You know the one I’m talking about… the one that fills your mind with thoughts of chocolate chip cookies or ice cream as soon as you sit down after a long day or the one that makes it impossible to walk by the donuts sitting on the break room table. We all have one and the majority of us, at least at some point, has felt like the dragon has gotten out of control!

One of the questions I’ve gotten a lot is “how do I stop eating so many sweets?” This is an especially common struggle because sweets are everywhere! You’ll find them at work, at church, and at every single get-together! So, what do you do if you are trying to reduce your sugar intake? 

You have to tame the dragon… you have to regain control! As we talked about in Episode 4 - Deconstructing Cravings, food (including sugary foods) isn’t just something that keeps us from being hungry, it’s information - it causes a biological reaction. Consuming sugary foods results in a dopamine release in our brains and so now every time we see the cupcakes or donuts, our brain sees an opportunity for more dopamine.  The problem is that dopamine doesn’t actually make us happy or satisfied, it just motivates us toward the reward of feeling happy. So basically every time you or I consume sugar, we’re just training our brains to continue to pursue consuming more sugar. 
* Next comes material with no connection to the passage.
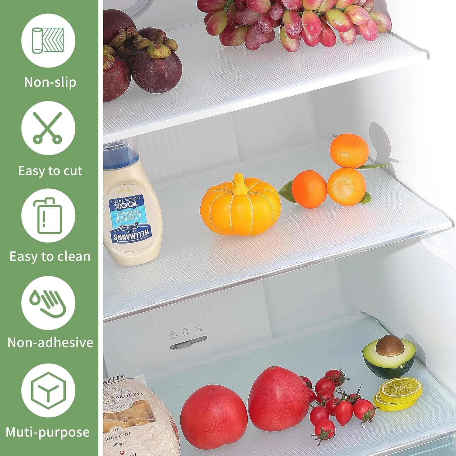 Protects fridge shelves from spills, stains, and food leakage

Since most of us aren’t interested in absolutely never consuming sugar again (um..no thanks!), how can we stay in control of these cravings rather than letting them control and motivate us? 

Try an Elimination Diet

The first tip I have for taming your sugar dragon is the most extreme, but it is also the most effective - and that is to starve it. Which means to not feed it any sugar at all for a period of time. Most people refer to this as an elimination diet where you basically do just that - you eliminate certain foods, usually inflammatory or addictive foods, for a certain period of time, usually 2-4 weeks. As I mentioned, this option will definitely give the best results, but it is also the most difficult and you will most likely experience withdrawal symptoms like headaches, irritability, lack of energy, etc. for a few days.  There are several programs out there that can lead you through an elimination diet, something like the Whole30 or the 21-day sugar detox.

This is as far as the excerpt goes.